▸ **EXERCISE BRIEF**:
Among the lines below, take the one holding "Digital Sheet Music", the one holding "From the left", and all lines between them. Set them down exactly.

▸ **DATA RECORDS**:
^^^^

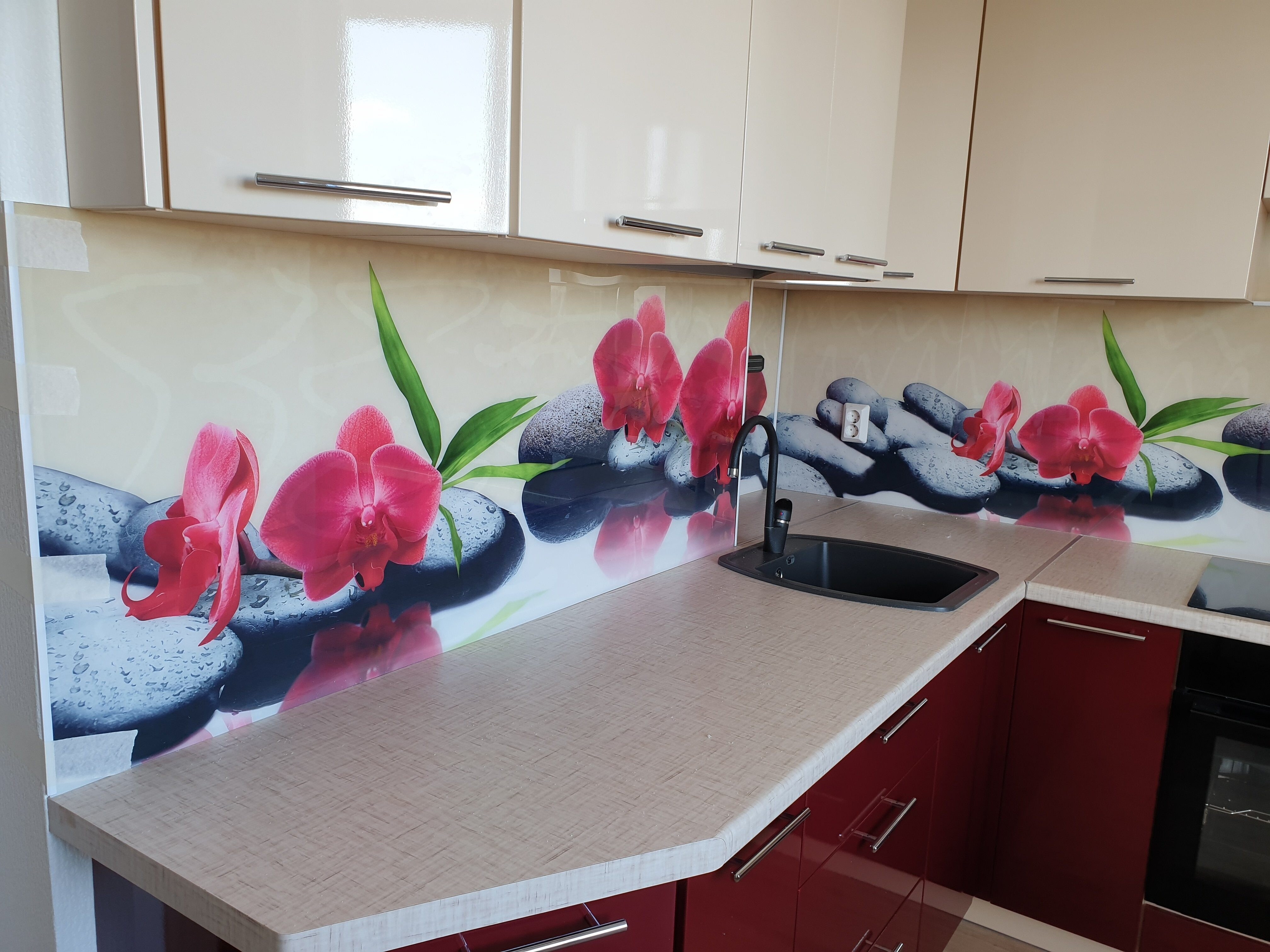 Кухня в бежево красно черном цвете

^^^^

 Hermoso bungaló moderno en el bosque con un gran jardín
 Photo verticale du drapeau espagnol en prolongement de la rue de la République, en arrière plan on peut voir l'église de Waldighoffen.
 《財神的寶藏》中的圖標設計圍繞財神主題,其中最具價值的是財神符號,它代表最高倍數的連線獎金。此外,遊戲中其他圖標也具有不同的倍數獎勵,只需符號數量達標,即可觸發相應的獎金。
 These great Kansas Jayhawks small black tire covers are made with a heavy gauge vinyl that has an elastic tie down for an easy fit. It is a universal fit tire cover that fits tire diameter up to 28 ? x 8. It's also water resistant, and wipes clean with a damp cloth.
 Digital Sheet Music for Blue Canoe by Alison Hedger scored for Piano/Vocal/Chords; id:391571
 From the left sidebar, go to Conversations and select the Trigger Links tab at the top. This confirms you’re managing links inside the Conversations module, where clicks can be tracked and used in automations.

^^^^

▸ **ANSWER**:
 Digital Sheet Music for Blue Canoe by Alison Hedger scored for Piano/Vocal/Chords; id:391571
 From the left sidebar, go to Conversations and select the Trigger Links tab at the top. This confirms you’re managing links inside the Conversations module, where clicks can be tracked and used in automations.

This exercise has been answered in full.